The fluctuating price action reflects market attention focused on President Donald Trump’s ultimatum to Iran regarding the Strait of Hormuz. The president established an 8 p.m. ET Tuesday deadline for Iran to accept a negotiated agreement or face military action targeting its energy sector.
Trump declared his intention to eliminate “every bridge” and “power plant” throughout Iran should the deadline expire without an agreement. He emphasized that reconstruction would require Iran “100 years to rebuild” following potential American military operations.
The Strait of Hormuz represents a critical chokepoint for global energy markets. Roughly one-fifth of worldwide oil shipments traverse the narrow waterway along Iran’s southern coastline.
Iranian officials have requested a comprehensive agreement encompassing sanctions removal, security assurances, and financial compensation for damages sustained. Intelligence reports indicate the White House administration appears unlikely to accommodate these demands.
Trump maintained openness to diplomatic channels, expressing that peaceful resolution of the confrontation remained achievable. The military engagement originated from coordinated American and Israeli operations against Iranian targets in late February.
Energy Markets and Currency Movements Create Headwinds
Brent crude maintained levels above $110 per barrel as the diplomatic deadline loomed. Elevated oil prices fuel concerns about inflation, potentially compelling central banks to maintain restrictive interest rate policies for extended periods.
This dynamic carries significant implications for gold. The precious metal generates no yield, making it less attractive during periods when interest rates remain elevated. Analysts from ANZ noted that Trump’s aggressive rhetoric “impacted risk appetite” and contributed to strengthening the U.S. dollar alongside rising Treasury yields.
The U.S. dollar index traded at 100.03, experiencing a modest 0.2% decline on Tuesday.
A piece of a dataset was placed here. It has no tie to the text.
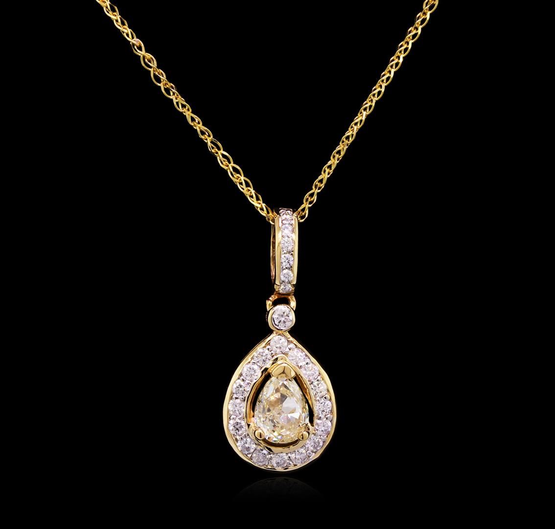 One electronically tested 14KT yellow gold ladies cast & assembled diamond pendant and chain. Condition is new, good workmanship. The pendant features a pear shaped diamond set in a gallery of round brilliant diamonds, completed by a diamond set bail. The pendant is supported by an eighteen inch length designer style chain, terminating in a lobster claw clasp. Bright polish finish. Identified with markings of "14K". Containing: One prong set pear shaped cut diamond, measuring 7.00 x 5.30 x 3.45mm, 21.00% GTCF exact weight 1.00ct with a medium blue fluorescence. Graded in the setting. Clarity: SI-1. Depth: 65.1%. Table 66.0%. Twenty-Three prong set round brilliant cut diamonds, measuring 1.80 - 1.80 x 1.08mm exact total weight 23 Stones = 0.49ct. Graded in the setting. Clarity: SI-2 to I-1. Color: G - I. Total Weight of Diamonds 1.49ct. Total Weight of Pendant And Chain 4.66gm. AIG Appraised at $7,005.00.

Throughout the preceding month, the greenback appreciated roughly 0.8%. During this identical timeframe, spot gold experienced a decline exceeding 8%.
An appreciating dollar increases the cost of gold for international buyers transacting in alternative currencies, which tends to diminish purchasing activity.
Chinese Central Bank Maintains Gold Accumulation
One supportive element for gold emerged from China’s monetary authority. The People’s Bank of China expanded its gold reserves for the 17th consecutive month. Official holdings climbed to 74.38 million fine troy ounces by the conclusion of March, advancing from 74.22 million recorded in February.
Ongoing purchases by central banks provide a consistent foundation of demand for the precious metal.
Markets remained in a state of heightened alert Tuesday morning, anticipating the 8 p.m. ET deadline and any forthcoming response from Iranian leadership.